Organization Trends

Out of Darkness, Cash: Sixteen Thirty in Action


Out of Darkness, Cash
A Consultancy Hides “Dark Money” | Pop! Goes the Protest | Sixteen Thirty in Action

Summary: With key conservative victories in the Supreme Court have come a host of new left-wing activist groups. But while most of these groups try to pass themselves off as independent organizations, many in the mainstream media fail to look behind the curtain at the professional paid activists who specialize in fake grassroots activism. Meet the Sixteen Thirty Fund, the “dark money” mega-funder behind dozens of “pop-up” protest campaigns propping up Obamacare, backing government control of the Internet, and attacking Trump’s judicial nominees.

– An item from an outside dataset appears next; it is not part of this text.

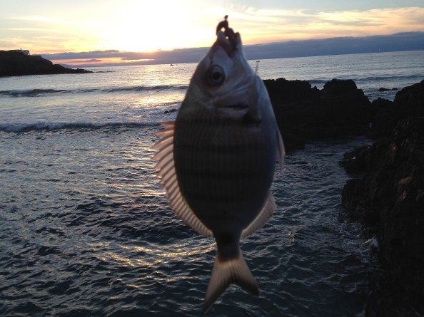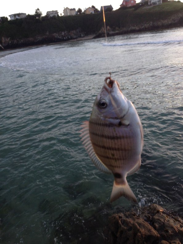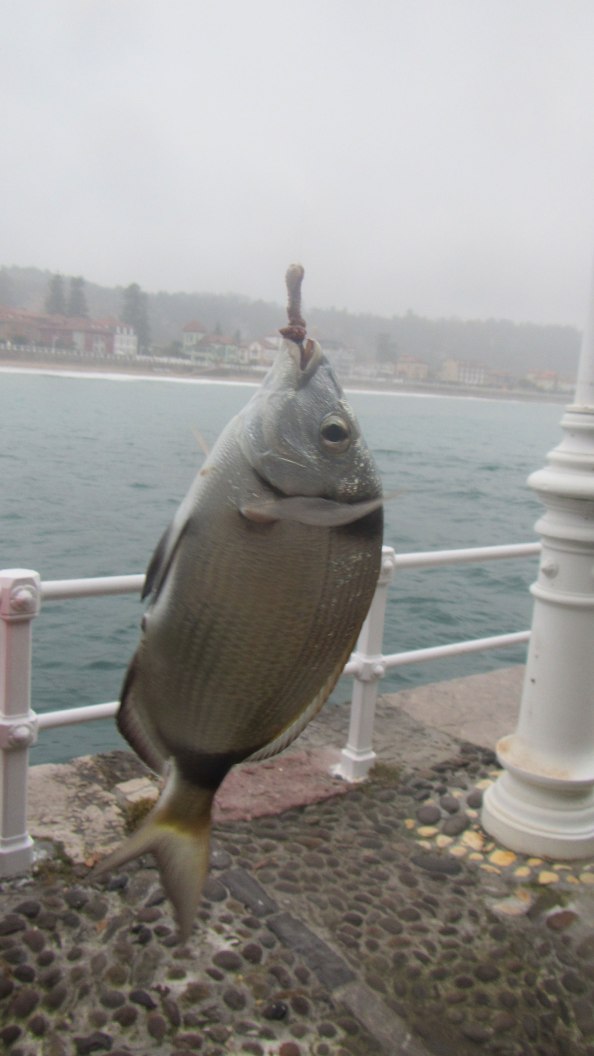 Ik viste dan in de buurt Gijon vanaf de rosten en ving kleine zeebrasem,harder en dorade.

Shadow Campaigns and Puppet Shows

Arabella Advisors doesn’t like to advertise just how influential its Sixteen Thirty Fund really is. In 2015, for instance, the firm detailed the work of the Media Democracy Fund, a key funder of the Obama administration’s push for net neutrality regulations that year. The Media Democracy Fund is actually part of Arabella Advisors’ 501(c)(3) New Venture Fund and operates alongside an advocacy arm called the Media Democracy Action Fund. Left unmentioned is that the Action Fund itself isn’t a real organization—it’s a project of the adjacent Sixteen Thirty Fund, Arabella’s go-to advocacy group.

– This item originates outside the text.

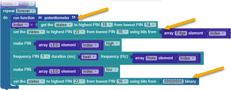 - Add a run function “potentiometer” block first thing inside the repeat forever loop.

This kind of obfuscation is par for the course with Arabella Advisors, which often advertises the accomplishments and goals of one organization or another—either a group hosted by the New Venture Fund or a group hosted by the Sixteen Thirty Fund—but rarely both. One possible explanation is that the company wants to be viewed as prestigious philanthropy advisers and not as string-pulling schemers—or worse, grubby campaign hacks.

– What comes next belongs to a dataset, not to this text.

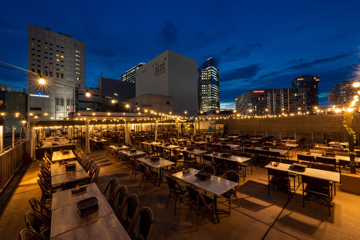 JR川崎駅直結の開放的な屋上テラスには屋根付きエリア併設で、天候を気にせず手ぶらBBQ。お仕事帰りやショッピングの合間に、いち早くシーズンの訪れを感じていただけます。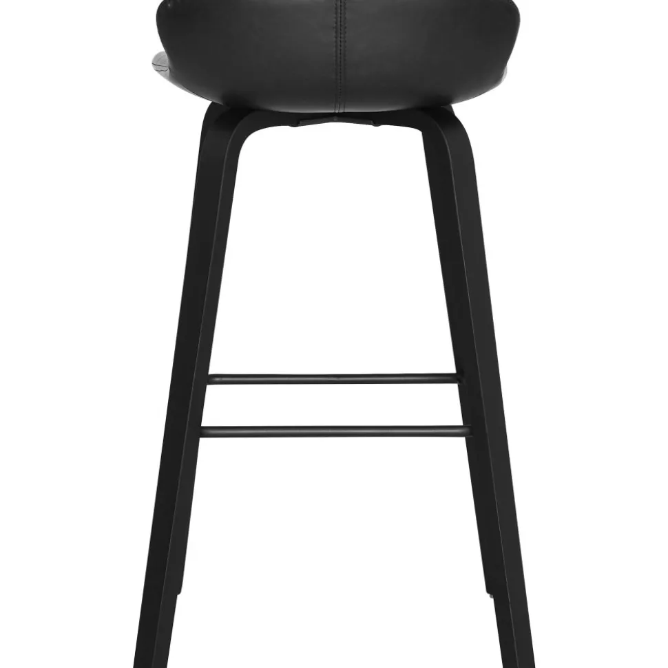 Barstol med svart PU-klädsel, svartlackade träben och metallfotstöd.

Regardless, that distance frees Arabella from playing electoral politics by shifting its political and lobbying agenda (and that of its clients) to its mega-nonprofits, most notably Sixteen Thirty Fund.

Nowhere is that better illustrated than with Demand Justice, the Fund’s judicial agitation group and an “AstroTurf” case-in-point. It was created in early 2018 to protest the Trump administration’s judicial nominees. Demand Justice presents itself as an independent group, unlinked to Arabella Advisors or the Sixteen Thirty Fund. CRC first reported on the group in July, before it earned national prominence, later identifying it as a project of the Sixteen Thirty Fund.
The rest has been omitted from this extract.